About 150 settlers swarmed Deir Jarir from four directions on July 9 while blocking ambulances with force. In al-Mughayyir, live fire and stun grenades wounded residents, striking a ten-year-old boy in the head. Israeli forces confiscated ambulance keys to hinder medical response. Near Jenin, settlers and soldiers expelled four families from Khirbet Asaeed after seventy years of residence. The Office for the Coordination of Humanity recorded at least 35 settler incidents causing casualties or damage last week. This brings the 2026 total to over 1,200 incidents across more than 240 communities.
As global scrutiny intensifies, disputes over basic facts entangle visiting American politicians. US Congressman Ro Khanna claimed his group was detained for an hour by settlers near Khirbet Zanuta. Soldiers then prevented him from leaving the emptied village during his tour. These overlapping crises highlight a deteriorating situation requiring immediate international attention and action.

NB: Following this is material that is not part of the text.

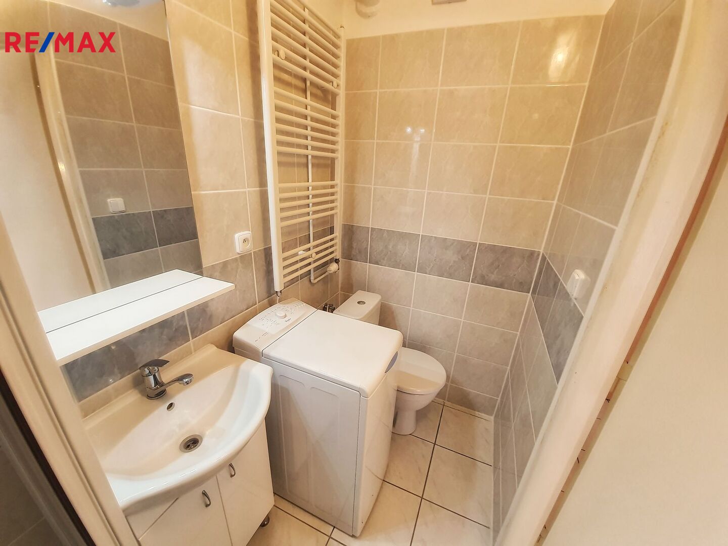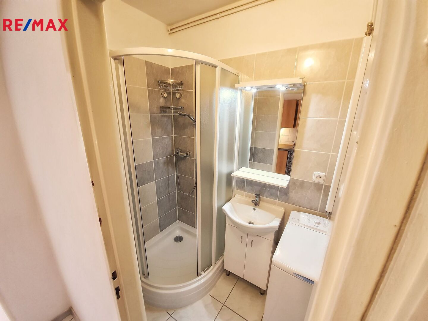 Byt je po rekonstrukci - komplet nová koupelna (obklady, WC, sprchový kout 90x90 cm, pračka, koupelnová skříňka).

Israeli forces claimed they scattered the settlers immediately upon arrival. Khanna told NBC News that this account was a lie. The same dismissal of international oversight has infected Israeli courts as well. Haaretz reported that prison authorities abruptly banned Red Cross visits to Palestinian detainees. This action ignored a unanimous High Court ruling issued last month. Oded Feller from the Association for Civil Rights in Israel stated clearly: "to continue concealing the abuses taking place in IPS facilities".
Even standard diplomatic channels face obstruction now. Israel blocked the Arab League's secretary-general from entering the West Bank to meet President Abbas, according to Wafa. This move joins outposts, demolitions, and ignored court orders. Every step points toward a single, dangerous reality: brazen defiance.